Those Basics: Ba Shi takes a stand

There are dozens of stances in the art of Kung Fu. Masters throughout its history have tried to reduce everything to essentials. That’s why we often say that the basics of Kung Fu came last, not first. And one of the most basic methods of training is stance work. The masters also had some very smart ideas about that. They carpentered a regimen that consisted of only eight stances called the Ba Shi. In the past it was so common to see people practicing this fundamental exercise that Kung Fu people were often referred to as Ba Shi students.

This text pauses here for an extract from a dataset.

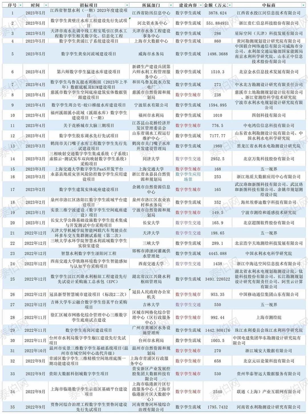 其中,过千万级的项目中,涉及2个数字孪生交通项目和1个数字孪生城市项目,其余12个均为数字孪生流域项目。

What is the Ba Shi? Let’s start with the name because it wraps around an important concept. Ba Shi means eight positions. It is very similar to another stance practice called Ba Bu which means eight steps. But there is a difference, at least in this context. Put simply, if you hold your fists at the cocked position next to the hips and change from stance to stance without adjustments, you are practicing Ba Bu. If you not only change the position but the shape of the posture by adding the arms and other necessary torso adjustments, then you are practicing the Ba Shi.

The Ba Shi is therefore eight key positions or shapes fundamental to Kung Fu practice. But there’s more to it. One important idea is that the collection or decision of  the most important eight positions changes from style to style. For instance here is the list from Northern Long Fist Training.

1. Horse
2. Bow and Arrow
3. Cat (Empty)
4. Sitting Stance (Pu Tui)
5. Crane (DuLi)
6. Hidden Foot
7. 4/6 Stance
8. 3/7 Stance

Each stance is held for a long breath. You might even say this is the first Qigong of each style. Then you transition slowly to the next with the appropriate arm changes. Each time, you return to the Horse. Next you do the other side. If you takes the least time-one breath a stance-there are 33 changes: not  a bad leg work practice. You can graduate to two and three breaths if you are so inclined. One great thing about the Ba Shi is that it is dynamic; you hold those stances but you also develop out of them into other stances. It’s more like slow sculpture than a bunch of snapshots.

The masters were ingenious. Each style can pick its own eight significant stances. In Bagua, for instance, the last two are the Kou Bu and the Bai Bu, of course. In Mantis, the Seven Star stance might be substituted for some position less important to that style. Everything is structured but the structure is flexible. In schools where different styles are taught everyone may get together for the same Ba Shi practice but doing it in the method of their group: Bagua, Tai Chi and Long Fist people all practicing “together”.

You can walk the Ba Shi like a marching exercise or you can take out certain stances and concentrate on them. Real traditional training was variable and creative. You are the student but you are the master, too.

And, just as a last note: Ba Shi is a killer no matter who you are.